• _Input_:
════════════════

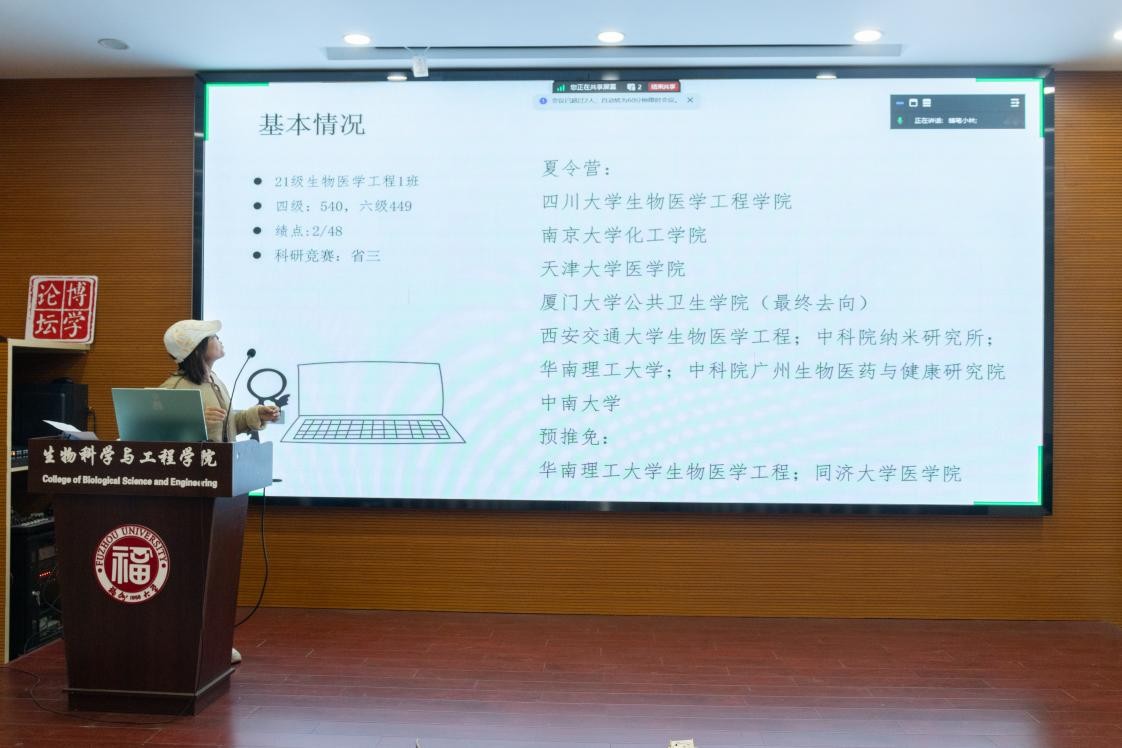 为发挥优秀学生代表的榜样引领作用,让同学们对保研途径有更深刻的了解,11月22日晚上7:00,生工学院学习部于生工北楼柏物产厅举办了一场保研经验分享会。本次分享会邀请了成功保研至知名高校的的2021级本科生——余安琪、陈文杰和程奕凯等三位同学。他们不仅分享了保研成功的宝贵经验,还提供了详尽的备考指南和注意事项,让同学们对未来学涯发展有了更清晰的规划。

════════════════

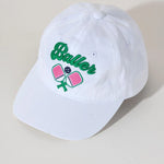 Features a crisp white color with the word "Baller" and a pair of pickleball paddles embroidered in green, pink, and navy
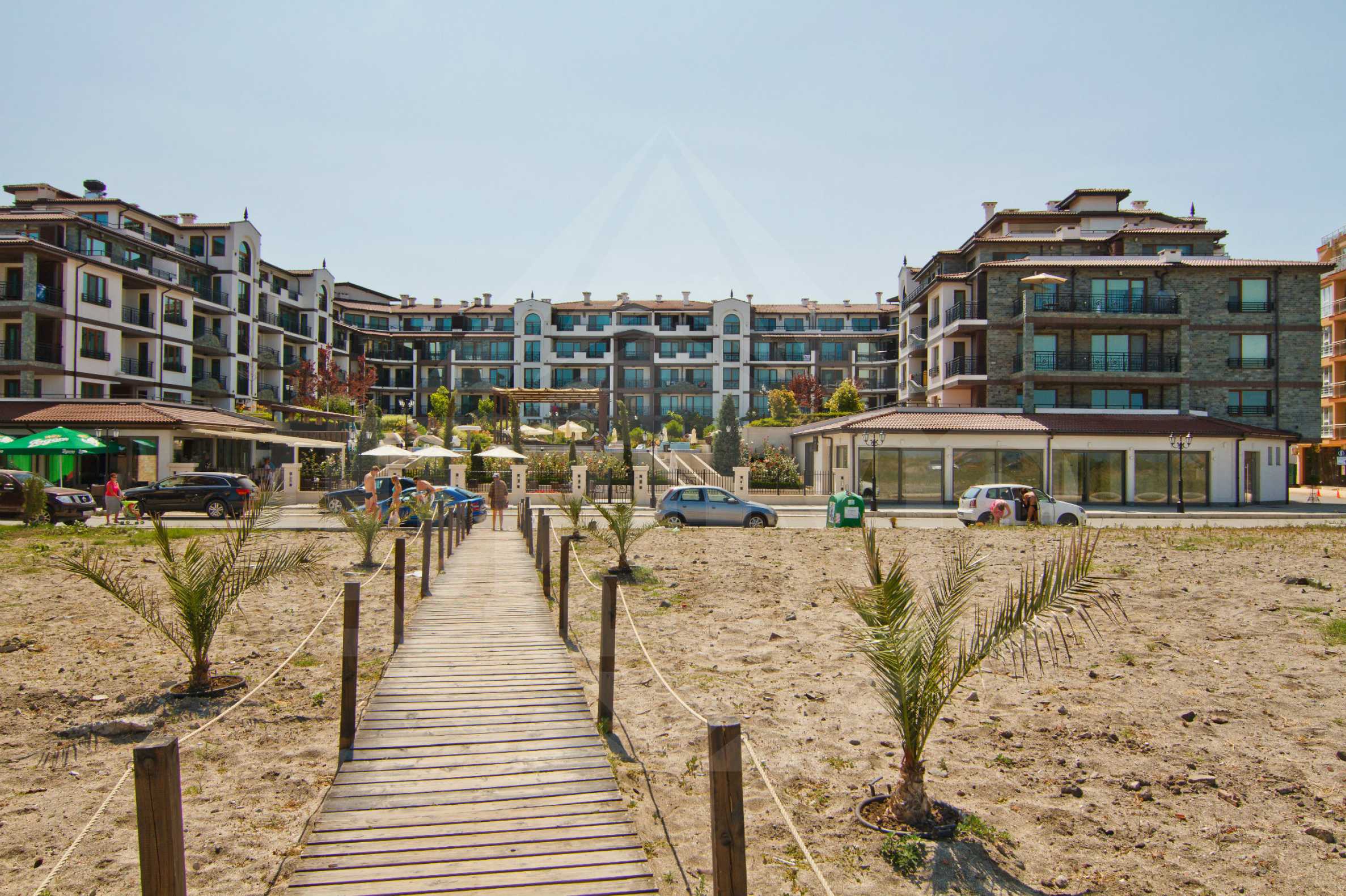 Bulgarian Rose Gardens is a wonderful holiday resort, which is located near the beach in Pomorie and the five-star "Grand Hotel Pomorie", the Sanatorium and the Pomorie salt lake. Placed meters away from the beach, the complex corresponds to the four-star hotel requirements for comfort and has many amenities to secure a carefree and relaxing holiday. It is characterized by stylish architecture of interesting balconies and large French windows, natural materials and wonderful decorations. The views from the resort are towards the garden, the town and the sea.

════════════════

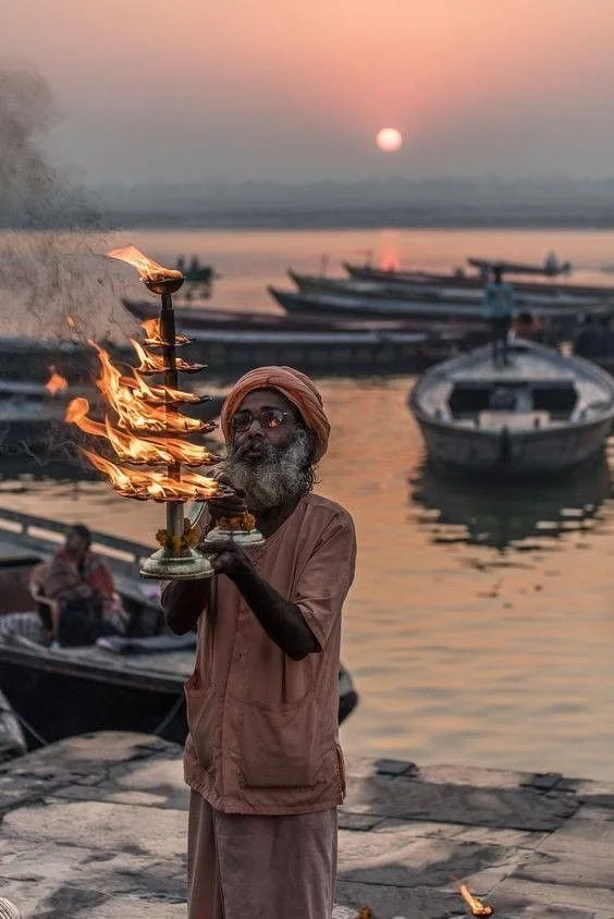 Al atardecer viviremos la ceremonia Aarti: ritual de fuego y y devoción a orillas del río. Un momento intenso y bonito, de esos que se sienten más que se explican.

════════════════

• _Exercise_: Line for line, output the entries above from the line with "Features a crisp" to the line with "Bulgarian Rose Gardens", both included, and nothing more. Skip pictures.

• _Exercise solution_:
 Features a crisp white color with the word "Baller" and a pair of pickleball paddles embroidered in green, pink, and navy
 Bulgarian Rose Gardens is a wonderful holiday resort, which is located near the beach in Pomorie and the five-star "Grand Hotel Pomorie", the Sanatorium and the Pomorie salt lake. Placed meters away from the beach, the complex corresponds to the four-star hotel requirements for comfort and has many amenities to secure a carefree and relaxing holiday. It is characterized by stylish architecture of interesting balconies and large French windows, natural materials and wonderful decorations. The views from the resort are towards the garden, the town and the sea.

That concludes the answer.